Optimistisch schrieb:


> ....und das noch, dass ich es nicht  gemacht habe, sondern die Ex von meinem Mann, die seine Daten mißbraucht hat, aber dafür ist er ja verantwortlich....


Jetzt gehts aber durcheinander! Nicht dein Mann hat das zu vertreten, was seine Ex gemacht hat, sondern die! Was hast du in der Sache nun aber zu tun, wenn die Daten deines Mannes draufstehen? Der braucht die Tatsache doch nur vorzubringen, dass eine andere Person seine Daten verwendet hatte - das reicht als Rechtfertigungsgrund und das Verfahren wäre gestorben.


----------



## Andre7007 (30 Juli 2009)

*AW: Maxolution Internet Gmbh bald ist das Gerichtsprozess!*

Hallo... also mit kommt das ganz bekannt vor...! Ich habe bereits 2 x gegen Max... und digitalpay.... gewonnen. Eigentlich recht leicht und Spaß hat es auch gemacht. Gebe Dir gern Tipps... 
Gruss Ich


----------



## Optimistisch (30 Juli 2009)

*AW: Maxolution Internet Gmbh bald ist das Gerichtsprozess!*



Reducal schrieb:


> Jetzt gehts aber durcheinander!
> Was hast du in der Sache nun aber zu tun, wenn die Daten deines Mannes draufstehen? Der braucht die Tatsache doch nur vorzubringen, dass eine andere Person seine Daten verwendet hatte - das reicht als Rechtfertigungsgrund und das Verfahren wäre gestorben.

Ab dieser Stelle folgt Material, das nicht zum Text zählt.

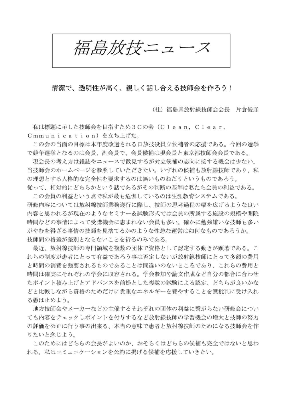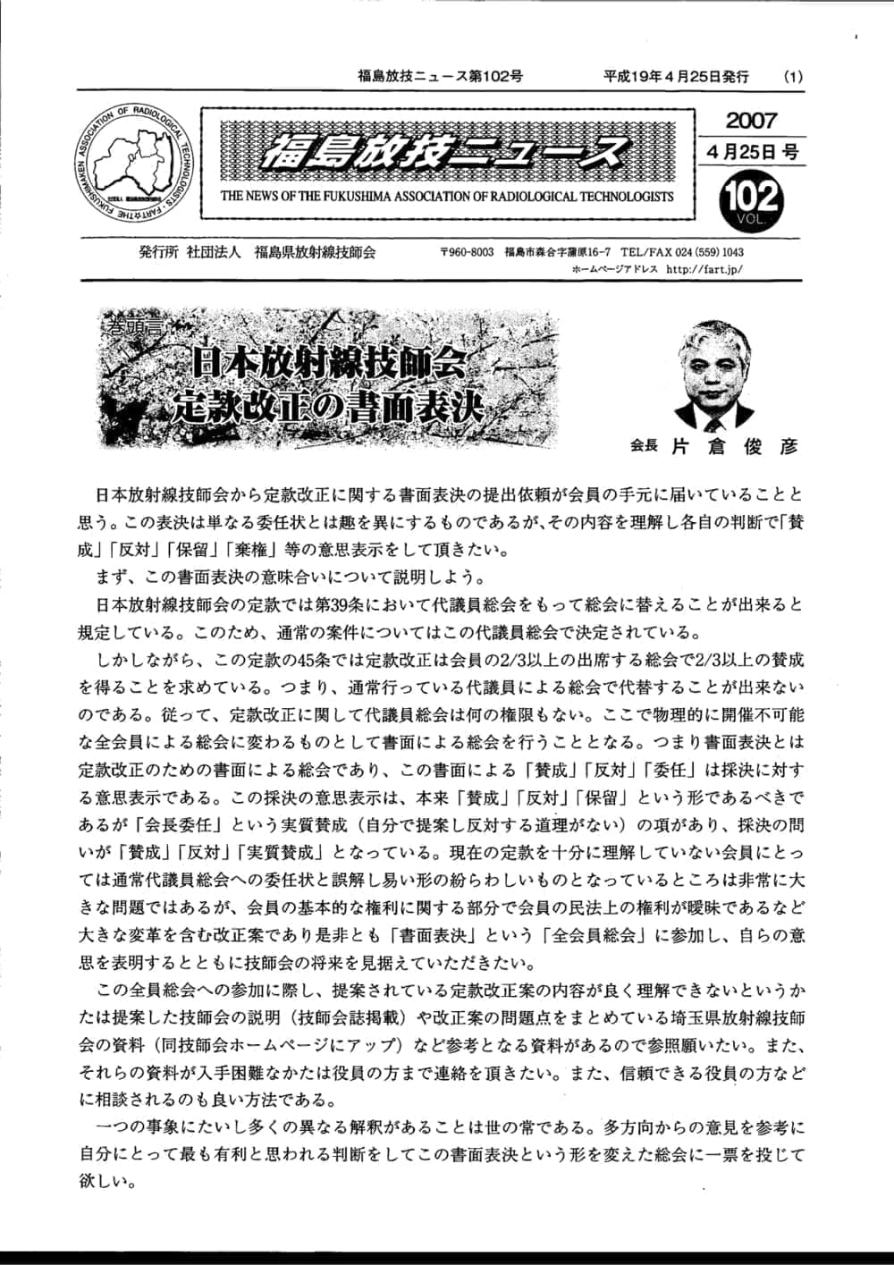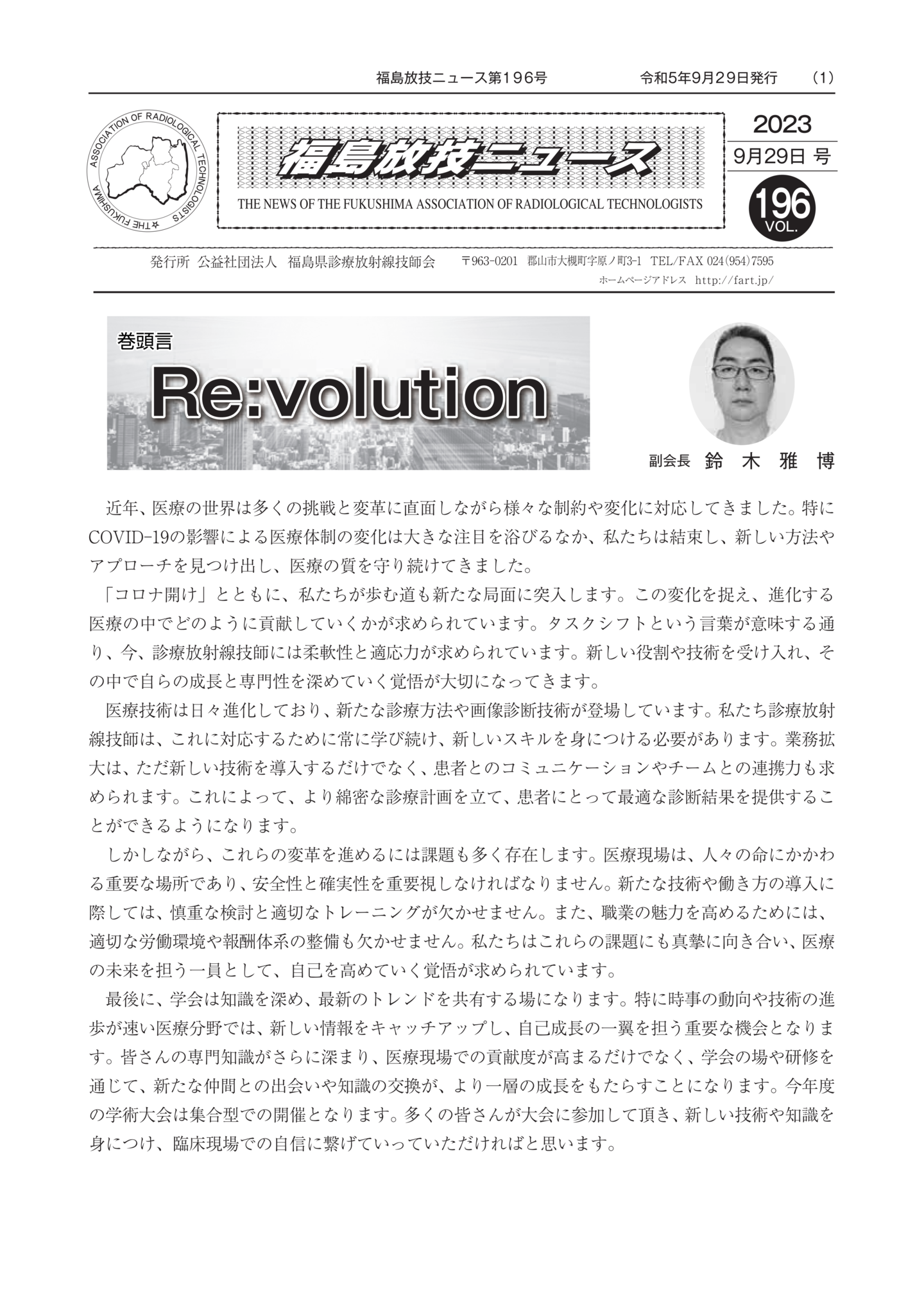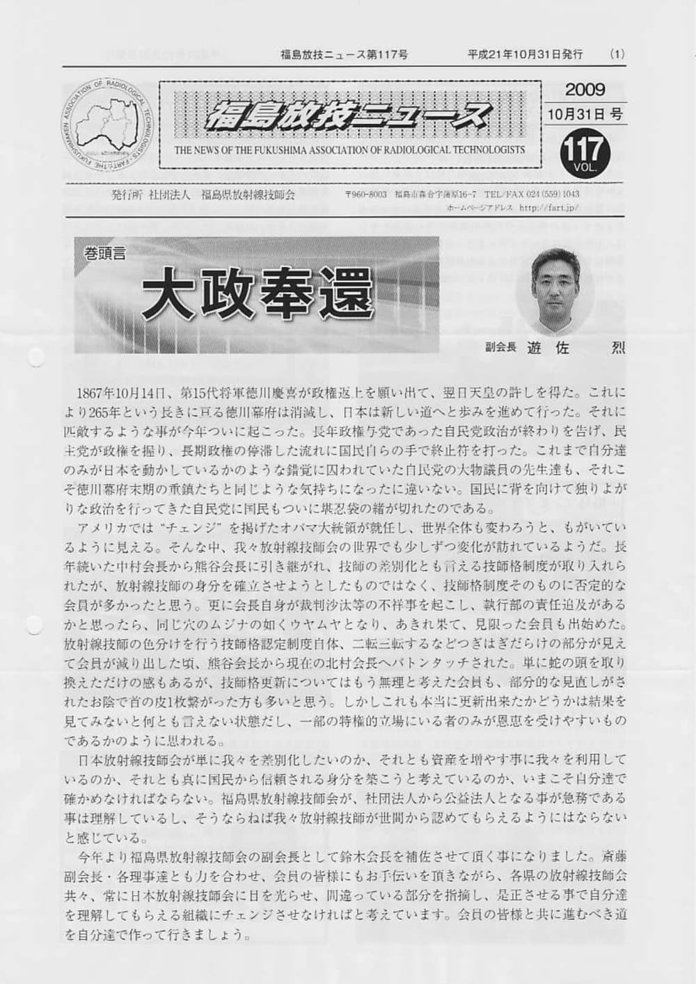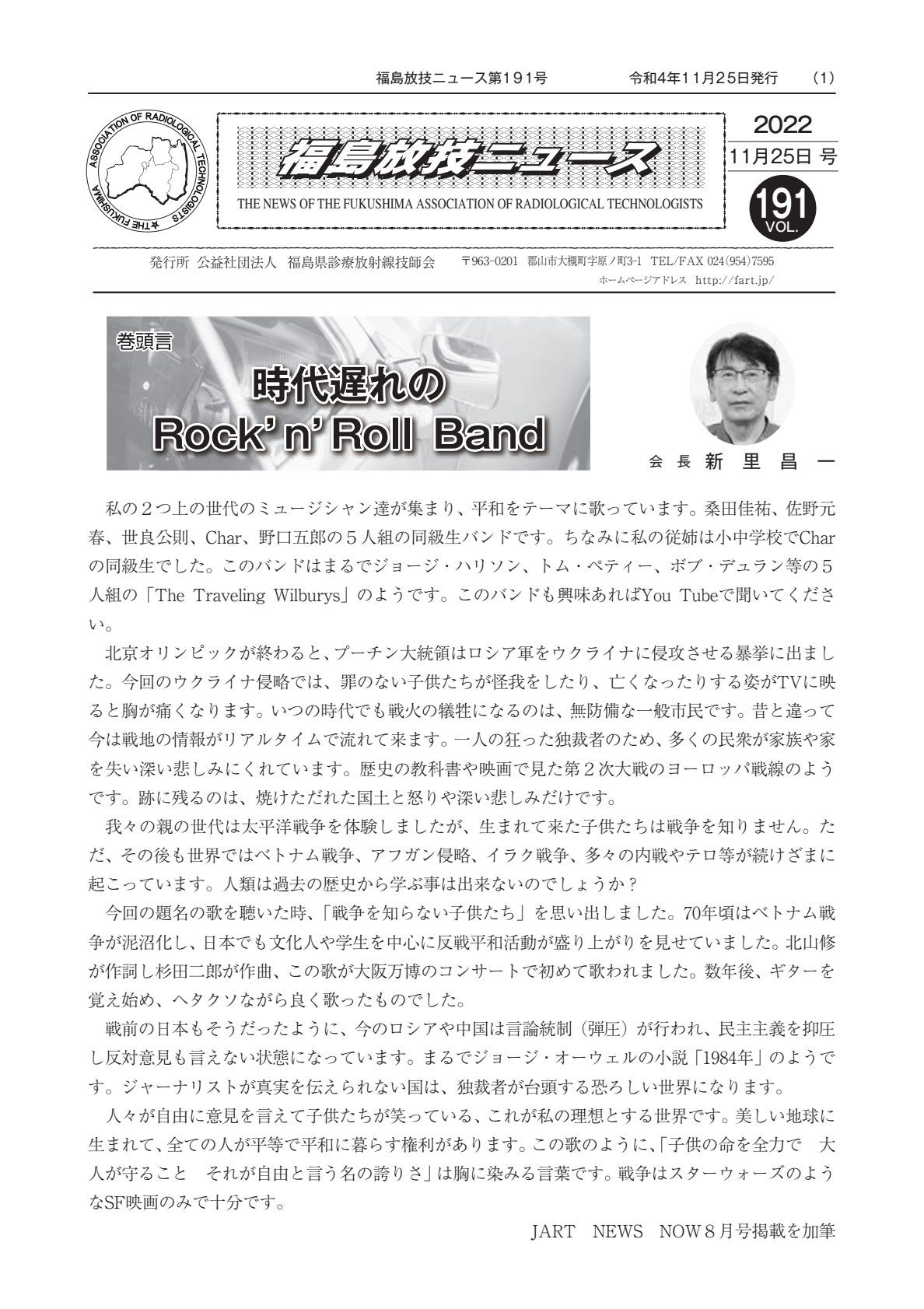 福島放技ニュースのバックナンバーをPDFファイルで閲覧することができます。 注1)Adobe Reader 6.0以上でご覧ください。 注2)ファイルサイズが大きいので、ダウンロードしてご覧頂くことをお勧めします。 【 2026年 】 No.210 No.211 【 2025年 】 No.204 No.205 No.206 No.207 No.208 No.209 【 2024年 】 No.198 No.199 No.200 No.201 No.202 No.203 【 2023年 】 No.192 No.193 No.194 No.195 No.196 No.197 【 2022年 】 No.186 No.187 No.188 No.189 No.190 No.191 【 2021年 】 No.180 No.181 No.182 No.183 No.184 No.185 【 2020年 】 No.174 No.175 No.176 No.177 No.178 No.179 【 2019年 】 No.168 No.169 No.170 No.171 No.172 No.173 【 2018年 】 No.163 No.164 No.165 No.166 No.167 【 2017年 】 No.161 No.162 No.156 No.157 No.158 No.159 No.160 【 2016年 】 No.155 No.150 No.151 No.152 No.153 No.154 【 2015年 】 No.149 No.144 No.145 No.146 No.147 No.148 【 2014年 】 No.143 No.138 No.139 No.140 No.141 No.142 【 2013年 】 No.133 No.134 No.135 No.136 No.137 【 2012年 】 No.129 No.130 No.131 No.132 【 2011年 】 No.124 No.125 No.126 No.127 No.128 【 2010年 】 No.123 No.118 No.119 No.120 No.121 No.122 【 2009年 】 No.113 No.114 No.115 No.116 No.117 【 2008年 】 No.112 No.107 No.108 No.109 No.110 No.111 【 2007年 】 No.106 No.101 No.102 No.103 No.104 No.105 【 2006年 】 No.100 No.095 No.096 No.097 No.098 No.099 【 2005年 】 No.094-01 No.094-02 No.089 No.090 No.091 No.092 No.093 HOME | 福放技ニュース 前のページ へ 次のページへ 技師会長よりごあいさつ お知らせ分科会・研究会・地区情報告示研修開催情報イベントカレンダー令和7年度 総会議案書役員改選および選挙 >役員改選告示 >役員改選立候補者 会員・医療従事者の皆様へ福放技ニュースメールマガジンに関して生涯ポイント付与について会報 技師会所有の物品貸出について >マンモグラフィトレーニング用ベスト >作業環境測定機器 会員専用情報パスワードについて 各種申請書ダウンロード 委員会報告各委員会ファイル共有 放射線に関する情報 ICRP勧告 MRI磁場の危険性 放射線 Q&A WBCに関する資料 簡易除染マニュアル

  Ha HAAAAAAAAA! :wall: der Richter! sagte damals " Der Herr bla-bla trägt eine Verantwortung für seine persönliche Daten, sowie Kartennummer, E-MAil Adressen usw." 
Entweder meine Stadt ist mit solchen "Klugen Menschen" voll, oder er hat Recht.
Ich habe es übernommen, gegn diese  Ex möchte ich nicht unternehmen, sie hat ja ein kleines Kind von ihm, ist arbeitslos. Ich weiss, was ihr jetzt über mich denkt...:roll: aber...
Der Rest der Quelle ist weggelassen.